Japanese Word Order MATTERS (more than you think) 2 Simple rules crack tough sentences | Lesson 46

こんにちは。

Today we’re going to talk about Japanese word order, because this is something really fundamental.

As sentences become more complex, word order becomes more and more necessary

in order to understand exactly what’s going on in any given sentence.

And, as is often the case, English-language so-called Japanese grammar doesn’t give us

very much help with this.

If you look up Japanese word order on the Internet,

you’ll find that there are broadly two different opinions being promulgated.

The first is that Japanese is an SOV language, that’s a Subject-Object-Verb language.

And the second is that word order in Japanese really doesn’t matter and isn’t very important,

because you can put words in pretty much any order and continue to mean the same thing.

And both of these opinions are completely false.

And interestingly enough although they’re diametrically opposed to each other,

they both stem from the same fallacy.

They both come from giving different answers to the same question

which was the wrong question to ask in the first place.

In other words, what they come from is our old friend, treating Japanese as if it were not Japanese but a European language and asking questions and giving answers that are relevant to European languages and not to Japanese.

So, let’s look into this and see how it works and understand how word order really works in Japanese.

First of all, let’s look at this question of Japanese being a Subject-Object-Verb language.

Now, this would be contrasting it to English, which is a Subject-Verb-Object language.

So, to give you an example of that, if we say Mary hit Susan,

this is a standard English Subject-Verb-Object sentence.

Mary is the Subject — she did the hitting.

Susan is the Object — she received the hitting.

If we change the order around and say Susan hit Mary, we’re now saying something different, aren’t we?

Now, the way in Japanese we would say Mary hit Susan is
メアリーがスーザンをなぐった.

And this is of course Subject-Object-Verb.

Mary’s the Subject, Susan’s the Object, and the Verb comes at the end.

So, isn’t Wikipedia right?
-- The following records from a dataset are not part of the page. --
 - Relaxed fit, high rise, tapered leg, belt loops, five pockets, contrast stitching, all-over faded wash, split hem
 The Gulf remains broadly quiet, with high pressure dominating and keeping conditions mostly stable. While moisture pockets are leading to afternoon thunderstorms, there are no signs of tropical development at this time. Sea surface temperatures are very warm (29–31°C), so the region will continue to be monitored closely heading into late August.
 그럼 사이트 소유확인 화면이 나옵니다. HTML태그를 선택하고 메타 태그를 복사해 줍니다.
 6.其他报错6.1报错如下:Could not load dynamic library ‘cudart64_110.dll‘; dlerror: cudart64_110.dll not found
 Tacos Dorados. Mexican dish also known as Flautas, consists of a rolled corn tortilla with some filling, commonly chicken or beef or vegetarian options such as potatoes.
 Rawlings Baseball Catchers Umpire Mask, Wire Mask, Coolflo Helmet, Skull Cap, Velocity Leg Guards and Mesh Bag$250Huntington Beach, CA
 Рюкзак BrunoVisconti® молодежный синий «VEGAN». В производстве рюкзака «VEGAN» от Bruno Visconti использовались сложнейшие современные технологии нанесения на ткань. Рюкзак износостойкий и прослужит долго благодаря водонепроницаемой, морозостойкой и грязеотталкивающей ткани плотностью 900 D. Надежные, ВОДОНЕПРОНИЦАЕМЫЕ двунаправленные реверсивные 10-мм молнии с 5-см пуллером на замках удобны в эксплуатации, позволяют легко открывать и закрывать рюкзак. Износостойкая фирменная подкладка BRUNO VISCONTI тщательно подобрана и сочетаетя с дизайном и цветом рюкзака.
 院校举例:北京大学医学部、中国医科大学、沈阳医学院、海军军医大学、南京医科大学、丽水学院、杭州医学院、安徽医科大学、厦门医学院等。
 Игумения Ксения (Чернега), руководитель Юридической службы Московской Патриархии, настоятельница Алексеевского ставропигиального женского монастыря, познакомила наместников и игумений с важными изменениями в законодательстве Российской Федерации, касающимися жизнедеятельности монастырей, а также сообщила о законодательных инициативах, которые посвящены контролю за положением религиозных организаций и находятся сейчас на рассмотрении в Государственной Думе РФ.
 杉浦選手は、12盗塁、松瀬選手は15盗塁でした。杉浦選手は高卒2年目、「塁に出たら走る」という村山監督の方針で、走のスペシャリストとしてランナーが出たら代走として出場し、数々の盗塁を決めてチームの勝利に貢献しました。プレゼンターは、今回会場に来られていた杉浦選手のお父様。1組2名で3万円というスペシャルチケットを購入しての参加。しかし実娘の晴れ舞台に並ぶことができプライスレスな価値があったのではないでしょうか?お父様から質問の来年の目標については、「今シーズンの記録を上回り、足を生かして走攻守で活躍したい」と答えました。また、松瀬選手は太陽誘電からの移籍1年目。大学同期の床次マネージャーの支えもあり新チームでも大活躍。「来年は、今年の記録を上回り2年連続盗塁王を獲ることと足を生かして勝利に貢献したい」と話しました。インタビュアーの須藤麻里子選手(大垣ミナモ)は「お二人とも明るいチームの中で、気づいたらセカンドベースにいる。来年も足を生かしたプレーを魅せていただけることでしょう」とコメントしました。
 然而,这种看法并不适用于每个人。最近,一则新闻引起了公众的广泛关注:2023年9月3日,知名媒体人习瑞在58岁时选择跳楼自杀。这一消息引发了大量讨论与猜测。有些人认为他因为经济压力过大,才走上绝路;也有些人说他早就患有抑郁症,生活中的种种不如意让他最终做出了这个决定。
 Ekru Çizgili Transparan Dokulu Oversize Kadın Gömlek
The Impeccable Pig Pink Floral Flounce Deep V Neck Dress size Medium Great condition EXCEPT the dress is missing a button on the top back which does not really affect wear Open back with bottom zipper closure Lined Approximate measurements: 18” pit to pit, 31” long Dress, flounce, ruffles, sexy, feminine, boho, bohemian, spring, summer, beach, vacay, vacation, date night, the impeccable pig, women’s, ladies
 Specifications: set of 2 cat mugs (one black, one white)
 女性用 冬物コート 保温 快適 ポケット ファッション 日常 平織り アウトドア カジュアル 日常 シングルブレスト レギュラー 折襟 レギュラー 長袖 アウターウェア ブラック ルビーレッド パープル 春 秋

Isn’t Japanese really a Subject-Object-Verb language?

No, it isn’t.

Because although メアリーがスーザンをなぐった is the most common way of putting it,

it isn’t the only way of putting it.

We could just as easily say スーザンをメアリーがなぐった and we’re still saying Mary hit Susan, even though we’ve changed the order.

Because in Japanese the question of who did what to whom and most other logical questions like where it was done, what it was done with, and all those things are handled by logical particles.

So the important thing in this sentence is not which order we have Mary and Susan

but which one is marked by が and which one is marked by を.

So this talk of a Subject-Object-Verb language is nonsense.

It doesn’t actually matter which order you put them in.

And this of course is the basis of these people who say Japanese word order doesn’t matter.

So aren’t they right?

No, they’re not right.

Because Japanese word order does matter.

It just doesn’t matter in the same ways and the same places that European word order matters.

If we start thinking about Japanese as Japanese and not trying to interpret it as a European language, then we can make some progress on actually understanding Japanese.

Japanese word order rules

So what is Japanese word order and why does it matter so much?

Japanese word order goes according to two simple rules. They’re both very simple.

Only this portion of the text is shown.